| by
Michael Stamatelatos |
Space flight is
one of the riskiest human endeavors. The hardware and systems used by
NASA and other space agencies are among the most complicated ever devised
by humans, and with every added component or complexity comes the added
chance of failure. It is a testament to the hard work and ingenuity of
the engineers working in the space program that such complicated systems
get launched successfully.
Even so, it is important not to simply accept every failure as part of
the price for "pushing the envelope." When risks can be
identified and assessed, engineers can devise ways to find and improve
weak points in a complex system. Indeed, risk assessment can play a crucial
part of the decision-making process, enabling managers to reduce the existing
level of uncertainty when choosing whether to go ahead with a given mission
or with specific features of a mission. Sometimes the decision involves
the need to trade off between options. For example, how can one make the
best allocation between time to perform experiments on the International
Space Station and maintenance time needed to create a safer and healthier
work environment? Quantitative risk assessment can be used to answer this
question. Not every decision so informed by risk assessment is necessarily
the right one, but using this methodology helps make better decisions
more likely.
To the people who study it professionally, risk is the probability, or
frequency (probability per unit time), and the consequence (severity)
of an undesired event, and the uncertainties associated with the estimated
probabilities and consequences. For a space mission such as the International
Space Station, now in Earth orbit, the risks that need to be assessed
go far beyond the potential loss or injury of astronauts, though that
is certainly the most important outcome to be avoided.

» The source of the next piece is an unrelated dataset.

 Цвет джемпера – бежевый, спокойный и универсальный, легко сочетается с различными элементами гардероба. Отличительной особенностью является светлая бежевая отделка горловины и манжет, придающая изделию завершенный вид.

Other undesired
events, or end states as they are called in risk assessment, include such
mishaps as damage to one or more of the station modules, the failure of
an important system, or the inability to complete a scheduled mission.

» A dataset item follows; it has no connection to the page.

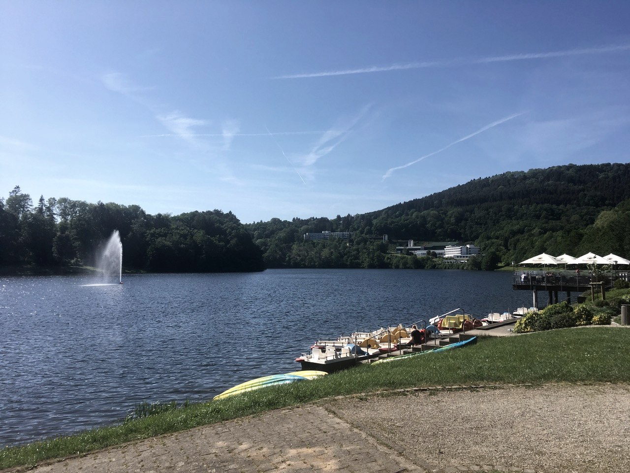 Danach geht’s kurz wieder Richtung Tal. Dann biegen wir in die Bergstraße und folgen ihr, bis uns der Weg wieder nach rechts über die Höhe führt. Es geht steil bergauf zum Hochbehälter und dann durch den Wald, wo uns der Weg nach einiger Zeit bergab über schmale Pfade zu einem Wirtschaftsweg bringt.

What's more, in a system as complex as the ISS, most everything
that could go wrong can be assessed and determined whether it can be linked
with one or more of the undesired end states. Take, for instance, the
temporary addition of a logistics module to the station. This module,
which is used to ferry new material and remove old equipment, has its
own power and life support system. But how will these integrate with the
systems aboard the space station? And how likely is a mishap while the
module is installed? Those are the kinds of questions a robust quantitative
risk analysis can help answer.
NASA has adopted a "continuous risk management" process
for all its programs and projects. This process begins with the identification
and analysis of program or project risks that impact success criteria.
The risk management process continues with risk analysis, planning, tracking,
and control. All unacceptable risks are dealt with before a project or
program can proceed.
 |
| Every event, such as this space
walk by an astronaut aboard the International Space Station, can be
analyzed using probabilistic risk assessment. |
One analytic tool that helps in identifying and analyzing these kinds
of risks quantitatively is a modeling process known as probabilistic risk
assessment. The most robust use of PRA is to make risk comparisons among
competing choices or to identify major contributors to the overall risk
of a given choice. Once identified, decision makers can choose either
to eliminate a given form of risk at all cost (if the likelihood of the
potential end state, such as loss of life, is too great to bear) or to
reduce the risk on a basis of a risk-benefit tradeoff. All forms of risk
cannot be eliminated, however. Taking care of one form of risk can cause
other types of risk to arise or increase.
Engineers use a probabilistic risk assessment to get answers to three
basic questions: What can go wrong? What is the likelihood that such an
outcome will occur? And what are the consequences if the outcome occurs?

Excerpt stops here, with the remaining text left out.